* **COLLECTED DATA**
= Beginning of Section =

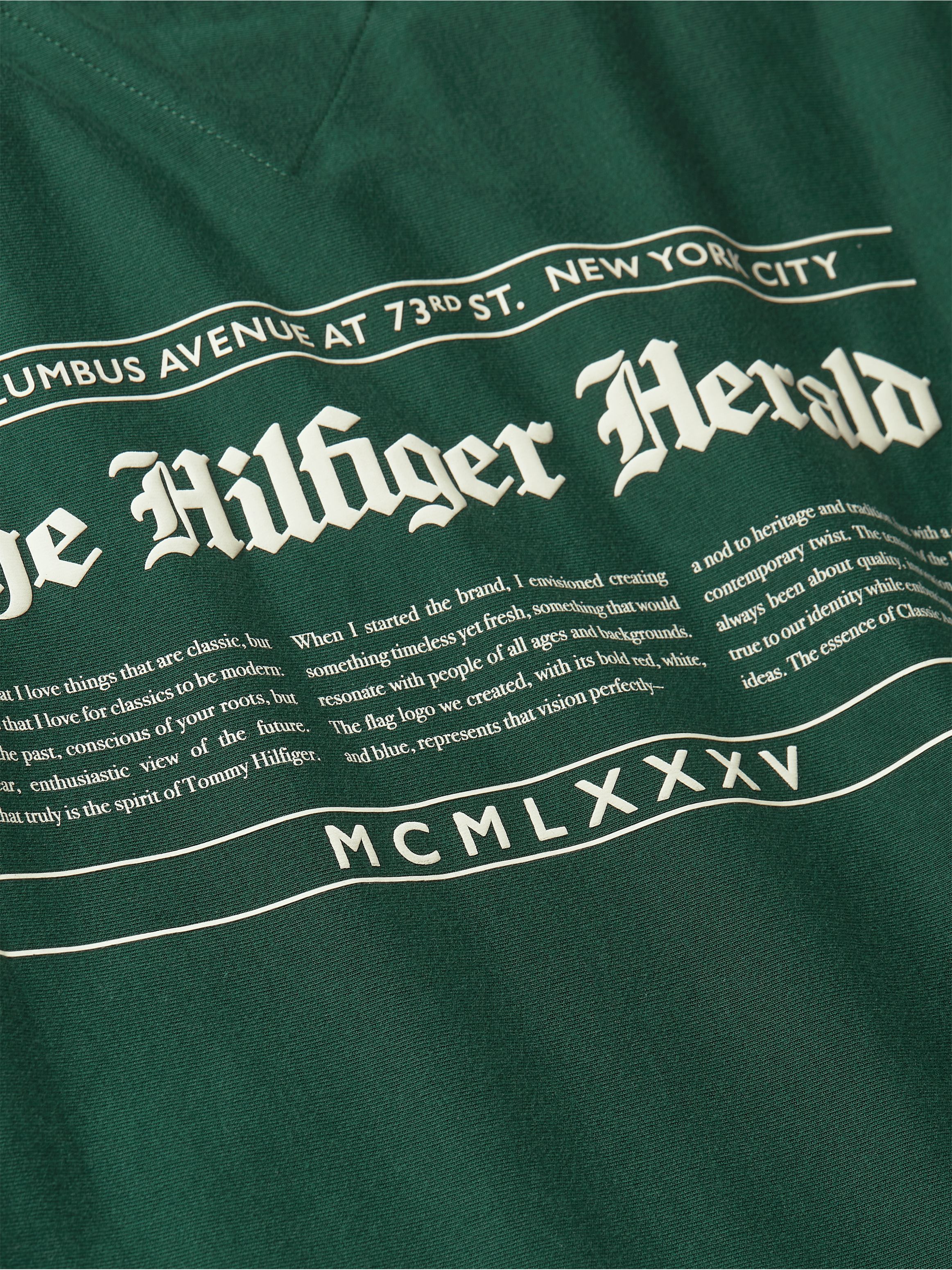 هذا التيشيرت من قماش جيرسي قطني ثقيل، يتميز بطباعة شعار مستوحاة من الصحف على الظهر لإضفاء لمسة عصرية على إطلالاتك اليومية.
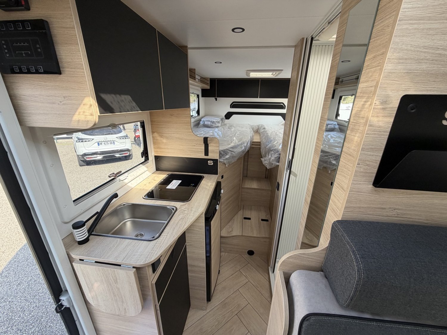 Store extérieur - auvent, panneau solaire 140W, moustiquaire de porte, stores intérieur cabine, complément matelas lits jumeaux, complément couchage dinette.
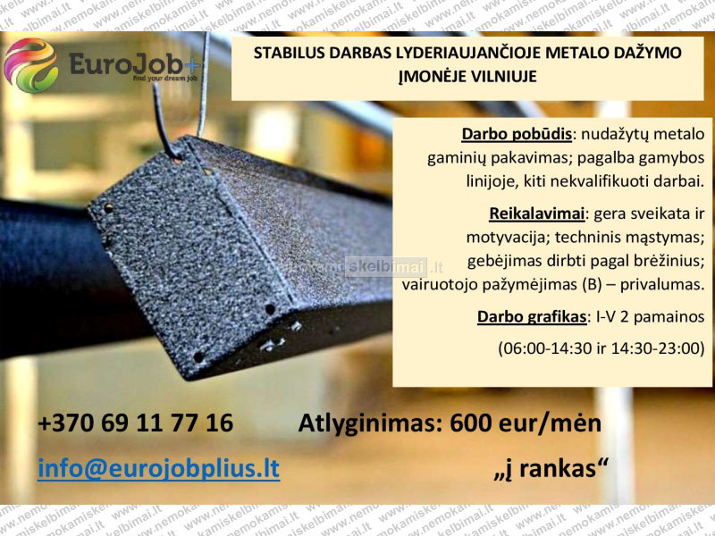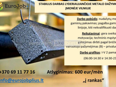 Darbo pobūdis: nudažytų metalo gaminių pakavimas; pagalba gamybos linijoje; kiti nekvalifikuoti darbai.

= End of Section =

* **TASK REQUIREMENTS**
Return each line above word for word. Skip the pictures.

* **ANSWER SECTION**
 هذا التيشيرت من قماش جيرسي قطني ثقيل، يتميز بطباعة شعار مستوحاة من الصحف على الظهر لإضفاء لمسة عصرية على إطلالاتك اليومية.
 Store extérieur - auvent, panneau solaire 140W, moustiquaire de porte, stores intérieur cabine, complément matelas lits jumeaux, complément couchage dinette.
 Darbo pobūdis: nudažytų metalo gaminių pakavimas; pagalba gamybos linijoje; kiti nekvalifikuoti darbai.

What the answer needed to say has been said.